I’m going to make them forget about dear old Dad. When I get back to Earth, I’m going to be the star. I’m going to be so frigging important even Dad will have to admit it.
CHRISTMAS
CERTAINLY WE CELEBRATE CHRISTMAS IN JAPAN, SAID MITSUO FUCHIDA.
He sat on one of the bunks, squeezed between Stacy Dezhurova and Dex Trumball. Jamie sat on the opposite bunk with Trudy Hall beside him. On the narrow table separating them was the remains of their holiday dinners, now little more than crumbs and bones.
The special Christmas dinners had been almost as good as advertised. Real turkey, drumsticks as well as white breast meat, with sweet potatoes, green beans and cranberry sauce. Indestructible fruitcake for dessert. There was even a small ration of white wine in plastic containers for each of them. Dex made extra-strong coffee to soften the fruitcake.
“Is Christianity that big in Japan now?” Trudy asked.
Fuchida shook his head. ”Not so much. But we celebrate Christmas exactly the way you do—as a major retail sales event.”
Everyone laughed. They were in the rover that Dezhurova had driven. A mangy tree made of aluminum strips stood lopsidedly by the airlock hatch, lit by tiny winking bulbs from the electronics spares supply. They had no gifts to exchange except the warmth of their own company.
It was enough.
Jamie lounged back against the bulkhead as they chattered and bantered back and forth. Tomorrow Dezhurova would drive the old rover back to the dome while the four scientists lived in this one and started the work of thoroughly investigating the dwelling site, under the direction of DiNardo’s committee.
It’s going to be tedious work, Jamie thought. Painstaking. With a half-hour lag between our asking a question and their answer.
But that’s tomorrow, he told himself. Tonight it’s Christmas. He felt pleasantly buzzed by the little portion of wine he’d drunk with his dinner. Everyone else seemed to be equally relaxed, equally happy.
Jamie looked across the table at Dex, grinning as he needled Fuchida about the religious significance of a shopping spree.
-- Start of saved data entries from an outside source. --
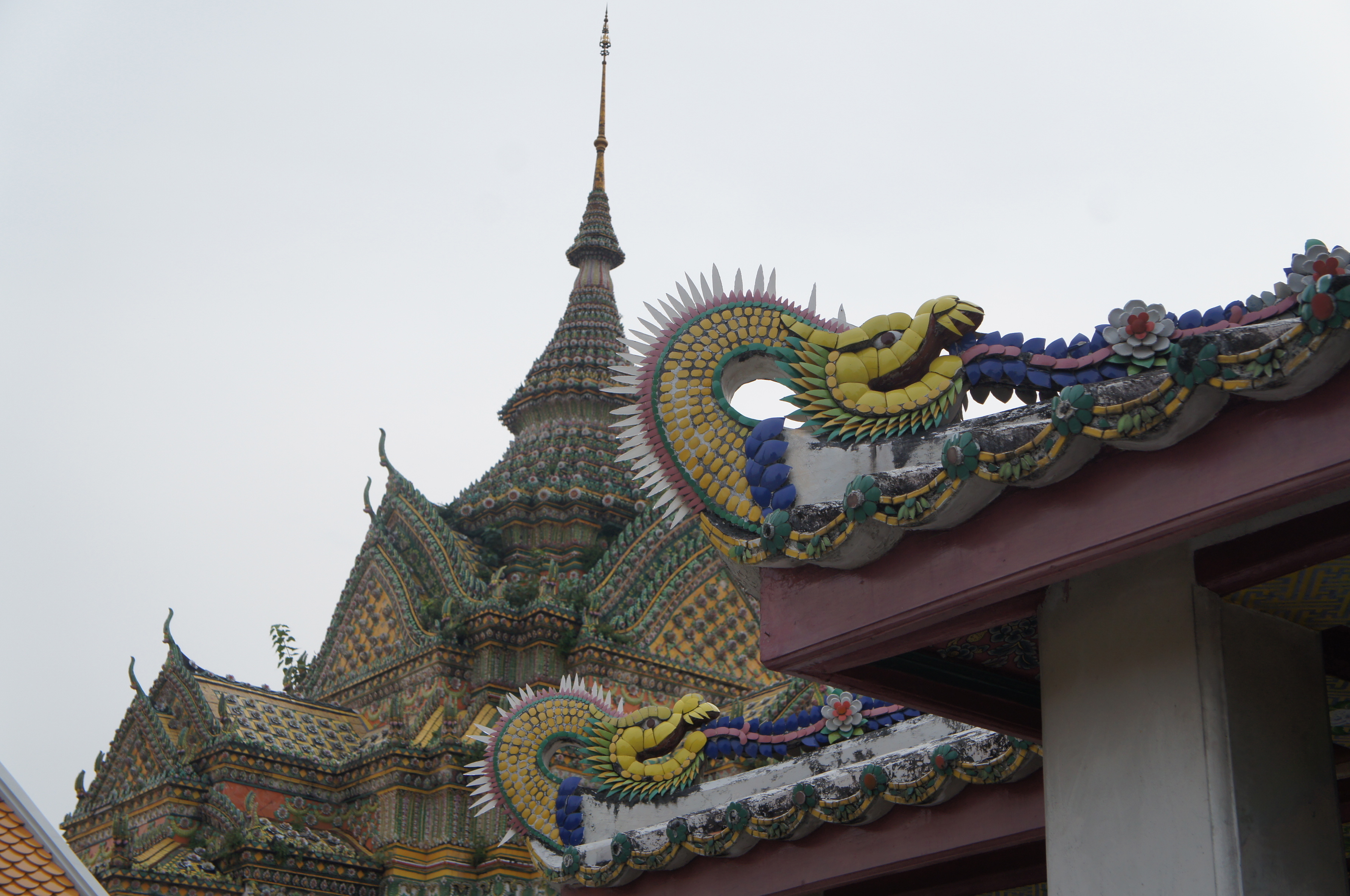 Beyond this room, there is an open air pavilion full of amulets or charms for purchase to be left for Buddha next to tables full of lottery tickets also for purchase. Old lottery tickets have been turned to hats and other decorative items. Inside the temple, we can see that donations of devotion have gone toward a gorgeous marble floor filled with dancing fish to represent the sea and a celestial painted ceiling representing the sky with a cluster of gold leafed deities sitting cross-legged below. J.J. explains that the knotted or curly tresses of each comes from Greek representations of Buddha that have been carried into Thai images of the man turned god. We also learn that his long earlobes represent long life.
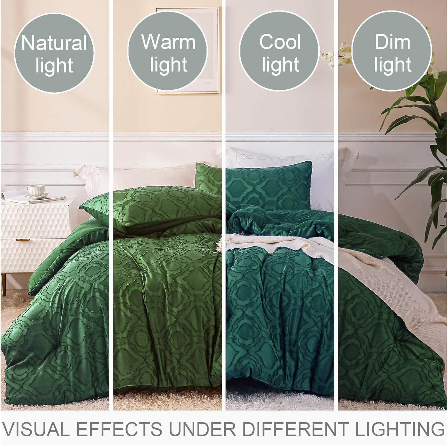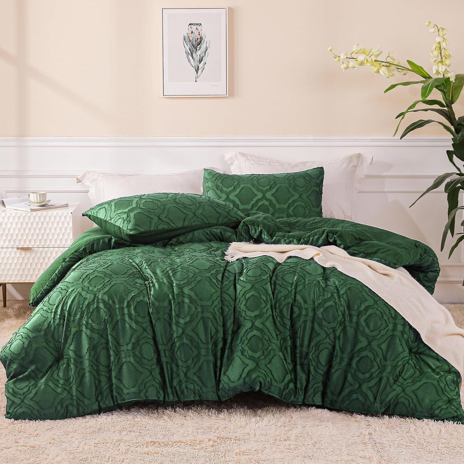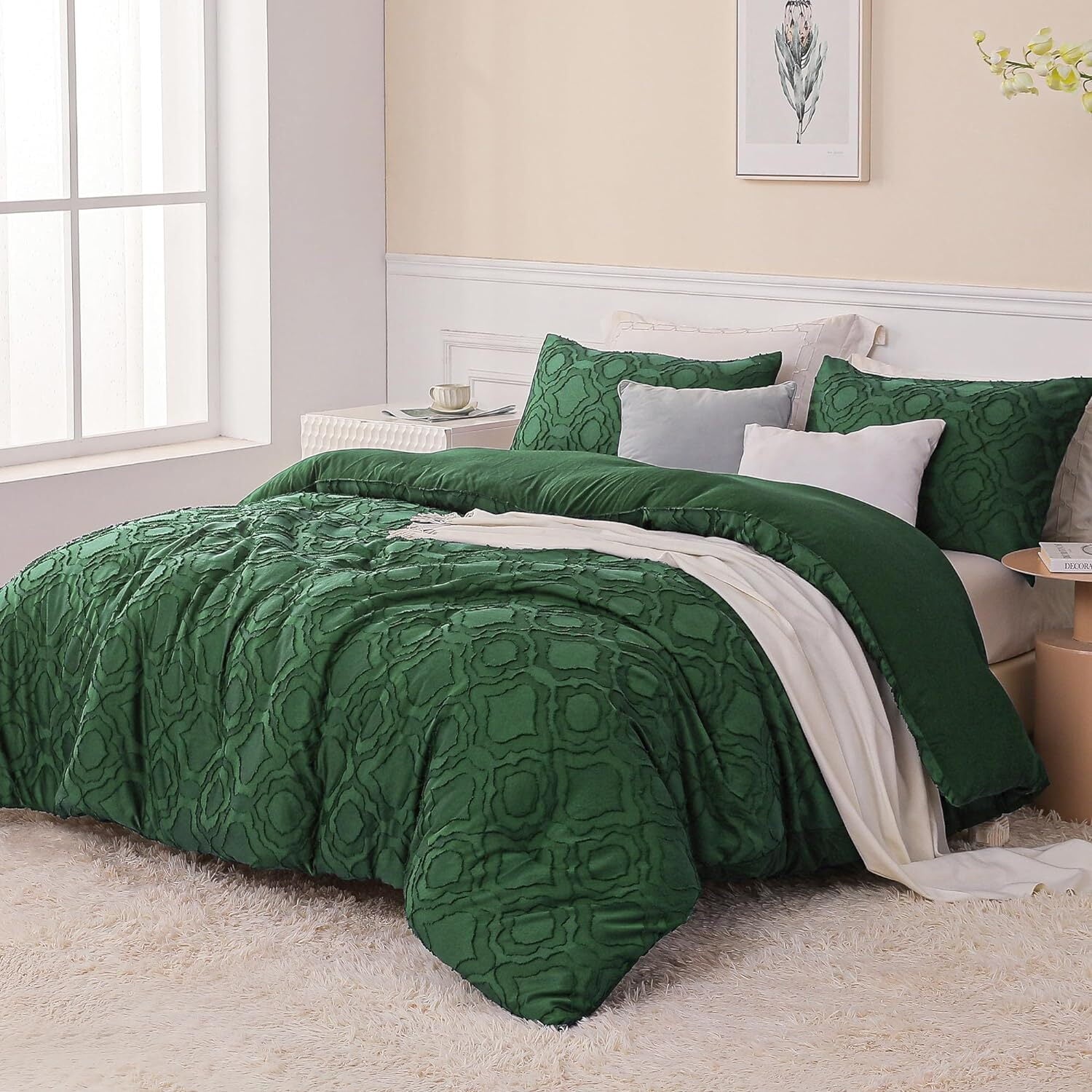 Whale Flotilla 3-Piece Tufted Queen Comforter Set, Soft Fluffy Shabby Chic Comforter for All Seasons, Farmhouse Boho Duvet Bedding Sets with 2 Pillow Shams, 90"x90", Deep Green
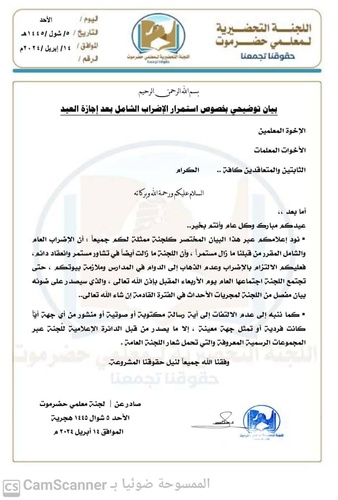 وأصدرتْ لجنة معلمي حضرموت بيانًا توضيحيًا تُؤكّد فيه على استمرار الإضراب، وتشدّد على ضرورة استجابة الحكومة لمطالب المعلمين المتمثّلة في تحسين أوضاعِهم المعيشية وتوفير مستحقاتهم المالية.
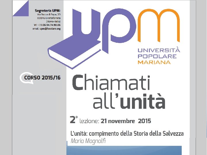 L’Unità: compimento della Storia della salvezza A) andando in profondità alle radici della persona per condurla poi a: B) spalancare i suoi occhi – ambito dopo ambito, cerchio dopo cerchio – per sapersi muovere e interagire con i suoi simili e col tutto il creato secondo il modello della Trinità, cioè della sua figliolanza col Padre nello Spirito Santo. Persona “in relazione”, comunionale - germe e lievito di unità all’interno di quell’umanità “UNA nella sua complessità”, vista così e così voluta dal Creatore, come già emerge in Genesi.

A sudden thought popped into Jamie’s mind.
He slid out from behind the table, muttering an “Excuse me,” and started toward the cockpit.
“Hey, Jamie!” Dex called. “The pissoir’s down the other direction.”
He turned and made a smile for them. “I can whiz out the window.” Ducking his head, he slipped into the cockpit’s right-hand seat.
The four of them were making enough noise, talking, joking, laughing, so that Jamie didn’t feel he needed to put on the headset. Still, he plugged it in and held its pin mike close to his lips as he addressed his message to C. Darryl Trumball.
“Mr. Trumball, I don’t know where you are and I haven’t checked on what the time might be in the Boston area right now, so please excuse me if I’m interrupting your Christmas celebration. I just thought it would be a reasonable present for your son if you called Dex to wish him a merry Christmas.”
Glancing at his wristwatch, Jamie continued, “We’ve got a little less than three hours of Christmas remaining here, so if you’re going to call, it ought to be pretty soon. I know Dex would appreciate it. Thanks.”
He rejoined the group as they began singing Christmas carols. Trudy had brought a CD with her, and no less than the Westminster Abbey Choir filled the rover with sonorous Noels. The five explorers sang along, at the tops of their lungs.